This painting is from Aydeen Aghdashloo's important Enigma series, a continuation of his most famous series Memories of Destruction, in which Aghdashloo uses icons of Italian as well as Persian classical paintings, surbverting them by destroying much of the familiar images through tearing, crumpling, burning and scratching. Typical of the works in this series, in The Years of Fire and Snow of 1978, he bases his work on the principles of Italian Renaissance painting. Aghdashloo's primary source is Sandro Botticelli. He replicates the revered Western original but, the charm and sophistication of Renaissance portrait is undermined by his unremitting attempts to partially ruin them. By injuring and disfiguring these masterpieces, he communicates his discontent with the shattered values of our age.
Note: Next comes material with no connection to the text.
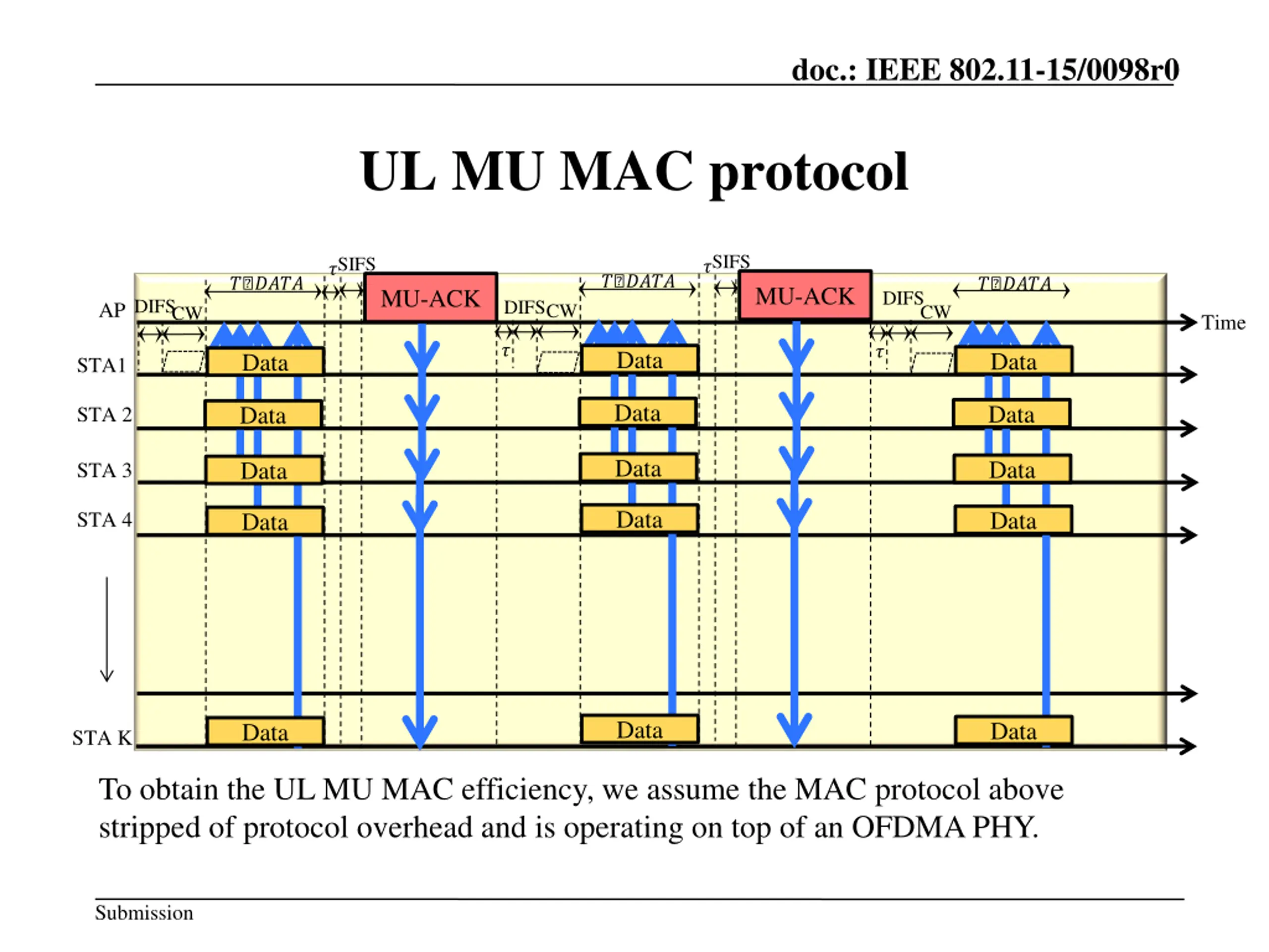 doc.: IEEE 802.11-15/0098r0 UL MU MAC protocol SIFS SIFS ? ? ? ???? ? ???? ? ???? MU-ACK MU-ACK DIFS DIFSCW DIFS AP CW CW Time ? ? Data Data Data STA1 Data Data Data STA 2 Data Data Data STA 3 Data Data STA 4 Data Data Data Data STA K To obtain the UL MU MAC efficiency, we assume the MAC protocol above stripped of protocol overhead and is operating on top of an OFDMA PHY. Submission
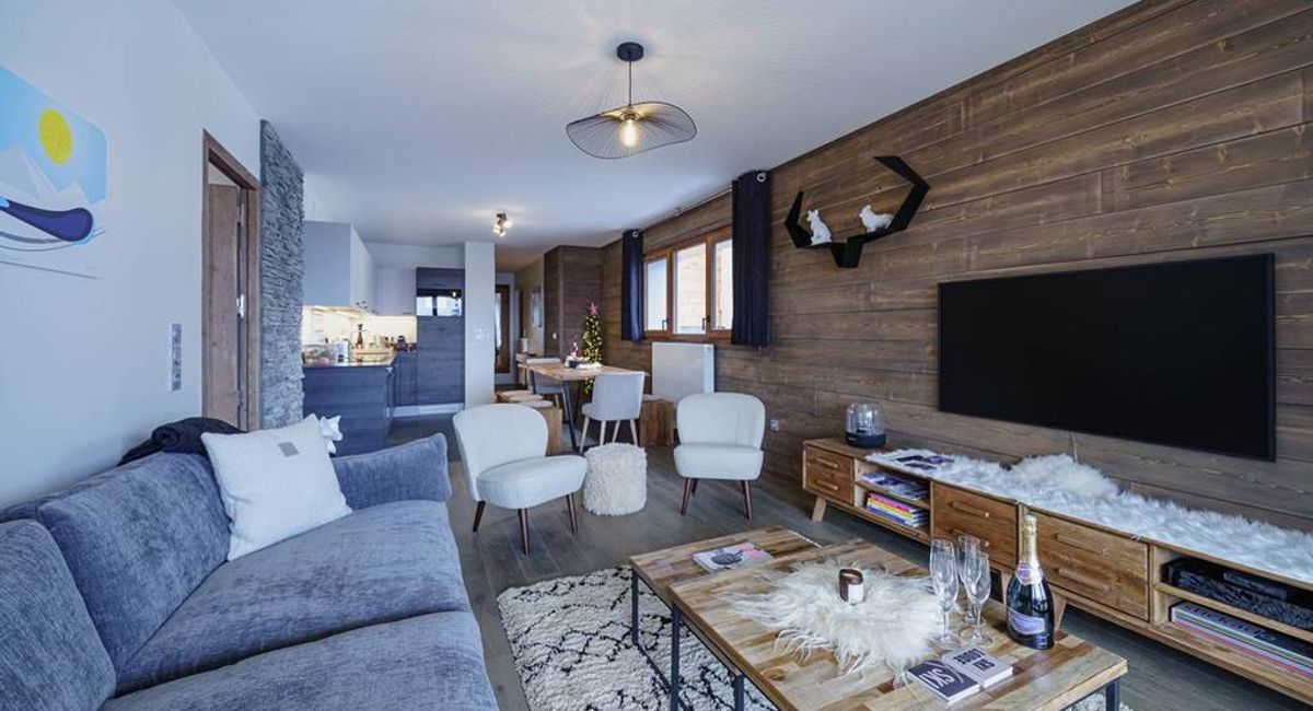 Alpe d'Huez Houses vous propose cet appartement de 90m2 aménagé avec goût pour un séjour ski chaleureux et cosy pour 8 personnes en 3 chambres doubles (dont 2 twins modulables) et 1 coin cabine avec 2 lits superposés sur mesure.

The images are usually set against an ambiguous and esoteric background, mostly a bitterly cold winter, in order to make a strong and moving statement that can be interpreted both culturally and politically: it should be noted that this painting was executed in 1978, just a year before the Revolution, a time of turmoil within Iran.
In the later works of this period, he extended his sardonic repertoire to include images with silhouetted faceless body, evidently lacking any sense of identity and orientation. The polemic in these works is even stronger, showing an increasing skepticism about the rhetoric of the dominant cultural power against the past periods. An important works from the Memories of Destruction series was sold in these rooms lot 76, 31 October 2007.
In the works of the Enigma series, he further intensifies his sarcastic language by supplying his images with silhouetted faceless body with the face often covered with cloths, which evidently lacks any sense of identity and orientation. These hybrid works have an even stronger element of polemic, which points to an increasing skepticism about the rhetoric of the dominant cultural power against the past periods, and thus maintain an explicit political edge. The artist's preoccupation with lost glory of the past is not merely intended to pay homage to his mentors, but to express a sense of devastation derived from the cultural decline and dissolution of values.
Aydeen Aghdashloo is deeply respected by the Iranian nation, not only as a celebrated artist, but also as a great writer and distinguished art teacher.